Exhibit A: Gendicine, the first gene therapy product approved after clinical trials anywhere in the world.

A recombinant human adenovirus, Gendicine carries the p53 gene and is administered by injection directly into cancerous tumours in the head and neck, including nasopharyngeal carcinoma.

More than 5,000 patients have received the treatment in combination with radiotherapy, including 400 foreign patients from outside China.

The company became profitable shortly after the launch of the product, approved in 2005 by China’s State Drug and Food Administration (SDFA).

That, as it turns out, was not an unimpeachable recommendation.

The SDFA’s former director, Zheng Xiaoyu, was executed in July 2007 for accepting bribes in return for issuing drug approvals without proper review.

As a result, a staggering 170,000 licenses granted by the SDFA, especially between 1999 and 2002, are currently under review.

Another company, Shenzhen Beike Technologies, provides a treatment based on umbilical cord and bone marrow stem cells for Alzheimer’s, autism, brain trauma, cerebral palsy and spinal cord injury, as well as a dozen other diseases and conditions. The medication is injected directly into the spinal cord of patients.

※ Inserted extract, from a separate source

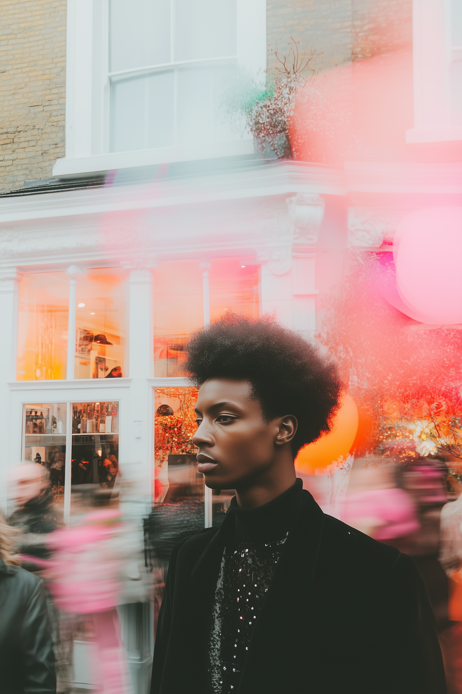 Stylish young man with an afro in a vibrant urban scene, wearing a black velvet jacket and sequined top. Blurred colorful background.

“There is no need to do clinical trials for this kind of procedure in China,” said the study’s lead author, Sarah Frew, also a researcher at McLaughlin-Rotman.

“The approach this company is taking is trying the thing on patients rather than doing scientific research,” added Singer.

The product has nonetheless been a commercial success, first with Chinese patients and more recently with international patients. When Frew visited the clinic a year ago, there were a dozen foreigners present.

The company’s website is filled with glowing testimonials on the effectiveness of the treatment, which costs tens of thousands of dollars.

In most cases the therapies and vaccines developed in China are far less controversial. Indeed, more than 90 percent of products produced in the health biotech sector are biogenerics, with novel products accounting for 3-to-5 percent of the total.

A more recent development are international joint ventures and investment. Shenzhen Chipscreen Biosciences, for example, has developed an anti-cancer drug in cooperation with Huya Bioscience, based in San Diego, California. Once the medication is on the market, the Chinese partner will hold the rights for China, while Huya can lay claim to the rest of the world.

WuXi PharmaTech, which was listed on the New York Stock Exchange in the summer of 2007, is the first biotech service company in China with major foreign clients, including US pharmaceutical giant Merck and Britain’s AstraZeneca.

The fact that WuXi has attracted such companies “punctures a little bit the legend that there is no intellectual property in China,” said Singer.

Another myth that may soon fall by the wayside is that China can only reproduce what other have done already.

“There is no longer a hegemony on the part of industrialised countries in global biotech innovation,” Singer said.